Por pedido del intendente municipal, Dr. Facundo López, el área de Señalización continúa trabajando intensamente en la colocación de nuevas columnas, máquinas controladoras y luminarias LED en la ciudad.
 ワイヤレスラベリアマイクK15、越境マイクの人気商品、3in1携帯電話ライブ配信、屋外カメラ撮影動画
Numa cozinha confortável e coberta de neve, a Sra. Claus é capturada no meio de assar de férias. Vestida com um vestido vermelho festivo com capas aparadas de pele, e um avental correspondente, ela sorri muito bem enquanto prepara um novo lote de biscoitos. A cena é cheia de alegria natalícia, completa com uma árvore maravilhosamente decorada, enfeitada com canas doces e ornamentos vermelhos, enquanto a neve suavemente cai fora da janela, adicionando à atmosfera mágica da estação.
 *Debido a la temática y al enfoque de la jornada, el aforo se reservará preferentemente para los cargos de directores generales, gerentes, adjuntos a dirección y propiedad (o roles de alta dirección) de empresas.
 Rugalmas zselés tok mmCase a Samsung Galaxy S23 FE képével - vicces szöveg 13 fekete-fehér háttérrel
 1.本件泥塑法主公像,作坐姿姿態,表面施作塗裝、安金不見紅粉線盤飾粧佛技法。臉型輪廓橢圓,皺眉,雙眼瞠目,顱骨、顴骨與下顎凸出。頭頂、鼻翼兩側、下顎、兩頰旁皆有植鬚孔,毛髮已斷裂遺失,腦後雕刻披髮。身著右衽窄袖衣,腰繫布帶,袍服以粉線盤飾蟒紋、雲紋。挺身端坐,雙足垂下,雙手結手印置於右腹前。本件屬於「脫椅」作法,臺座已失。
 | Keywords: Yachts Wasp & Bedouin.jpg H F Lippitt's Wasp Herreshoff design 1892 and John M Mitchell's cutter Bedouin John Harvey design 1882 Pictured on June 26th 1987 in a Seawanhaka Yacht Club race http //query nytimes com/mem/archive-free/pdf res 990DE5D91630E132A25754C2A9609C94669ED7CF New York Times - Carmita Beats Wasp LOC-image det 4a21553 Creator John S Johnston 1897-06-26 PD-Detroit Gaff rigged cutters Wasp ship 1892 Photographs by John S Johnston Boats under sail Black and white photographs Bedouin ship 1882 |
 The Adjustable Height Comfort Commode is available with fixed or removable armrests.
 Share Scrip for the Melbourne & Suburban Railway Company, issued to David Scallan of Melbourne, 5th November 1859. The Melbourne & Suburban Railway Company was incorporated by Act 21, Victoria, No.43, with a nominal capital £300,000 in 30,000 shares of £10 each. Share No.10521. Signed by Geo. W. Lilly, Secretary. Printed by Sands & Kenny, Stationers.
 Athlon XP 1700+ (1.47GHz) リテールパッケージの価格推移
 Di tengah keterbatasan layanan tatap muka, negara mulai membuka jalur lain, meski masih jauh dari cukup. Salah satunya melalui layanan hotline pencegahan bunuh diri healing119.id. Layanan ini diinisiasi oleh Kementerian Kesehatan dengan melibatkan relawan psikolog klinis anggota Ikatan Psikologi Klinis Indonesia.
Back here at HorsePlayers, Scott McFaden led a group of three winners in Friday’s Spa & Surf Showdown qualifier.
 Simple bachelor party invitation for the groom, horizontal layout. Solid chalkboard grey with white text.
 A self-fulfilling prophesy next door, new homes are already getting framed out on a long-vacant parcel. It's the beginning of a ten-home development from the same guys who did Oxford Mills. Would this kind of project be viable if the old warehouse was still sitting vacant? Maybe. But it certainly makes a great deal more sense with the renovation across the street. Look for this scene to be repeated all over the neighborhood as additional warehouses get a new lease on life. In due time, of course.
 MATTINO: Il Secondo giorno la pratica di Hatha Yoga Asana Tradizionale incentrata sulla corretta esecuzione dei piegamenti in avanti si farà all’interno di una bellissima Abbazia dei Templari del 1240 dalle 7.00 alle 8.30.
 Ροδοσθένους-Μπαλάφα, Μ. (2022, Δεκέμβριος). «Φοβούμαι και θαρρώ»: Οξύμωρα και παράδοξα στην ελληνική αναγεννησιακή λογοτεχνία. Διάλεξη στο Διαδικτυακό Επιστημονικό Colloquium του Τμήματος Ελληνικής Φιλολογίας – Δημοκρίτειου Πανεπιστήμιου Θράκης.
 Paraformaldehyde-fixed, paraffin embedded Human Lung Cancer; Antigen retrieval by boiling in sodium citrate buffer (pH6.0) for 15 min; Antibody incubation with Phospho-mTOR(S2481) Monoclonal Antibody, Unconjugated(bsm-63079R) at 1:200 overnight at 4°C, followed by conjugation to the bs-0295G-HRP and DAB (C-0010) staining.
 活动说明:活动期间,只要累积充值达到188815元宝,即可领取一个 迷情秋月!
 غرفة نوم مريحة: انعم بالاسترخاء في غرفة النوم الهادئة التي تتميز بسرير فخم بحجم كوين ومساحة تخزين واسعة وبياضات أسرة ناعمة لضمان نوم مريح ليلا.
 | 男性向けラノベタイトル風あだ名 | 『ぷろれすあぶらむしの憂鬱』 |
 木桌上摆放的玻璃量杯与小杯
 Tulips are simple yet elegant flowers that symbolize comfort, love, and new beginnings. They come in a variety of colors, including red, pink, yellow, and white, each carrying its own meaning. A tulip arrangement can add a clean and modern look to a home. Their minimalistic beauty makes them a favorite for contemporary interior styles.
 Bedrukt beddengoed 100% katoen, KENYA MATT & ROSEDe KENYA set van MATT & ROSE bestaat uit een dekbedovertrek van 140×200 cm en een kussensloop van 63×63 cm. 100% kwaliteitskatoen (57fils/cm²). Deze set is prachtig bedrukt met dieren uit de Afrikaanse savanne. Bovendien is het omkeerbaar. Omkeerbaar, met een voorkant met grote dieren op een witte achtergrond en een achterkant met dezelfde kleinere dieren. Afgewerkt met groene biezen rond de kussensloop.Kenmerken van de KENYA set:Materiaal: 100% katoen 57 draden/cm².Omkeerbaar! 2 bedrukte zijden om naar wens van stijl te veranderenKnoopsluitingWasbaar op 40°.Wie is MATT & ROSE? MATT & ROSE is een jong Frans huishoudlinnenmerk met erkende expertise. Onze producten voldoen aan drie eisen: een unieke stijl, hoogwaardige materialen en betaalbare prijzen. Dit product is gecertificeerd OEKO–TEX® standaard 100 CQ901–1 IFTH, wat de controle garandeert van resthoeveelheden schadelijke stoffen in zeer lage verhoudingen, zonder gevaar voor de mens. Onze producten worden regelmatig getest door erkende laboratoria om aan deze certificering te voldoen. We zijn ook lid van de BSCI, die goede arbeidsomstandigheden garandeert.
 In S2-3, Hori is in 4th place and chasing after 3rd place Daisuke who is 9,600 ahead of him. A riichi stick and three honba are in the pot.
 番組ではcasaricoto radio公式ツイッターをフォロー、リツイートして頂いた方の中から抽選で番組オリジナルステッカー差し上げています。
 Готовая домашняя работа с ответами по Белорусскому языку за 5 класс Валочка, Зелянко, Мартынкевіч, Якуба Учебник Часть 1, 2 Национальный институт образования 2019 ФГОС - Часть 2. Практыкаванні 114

.....

■ **Task description**
Nothing but a number is expected here: say how many lines in the material hold "three".

■ **Answer for the task**
2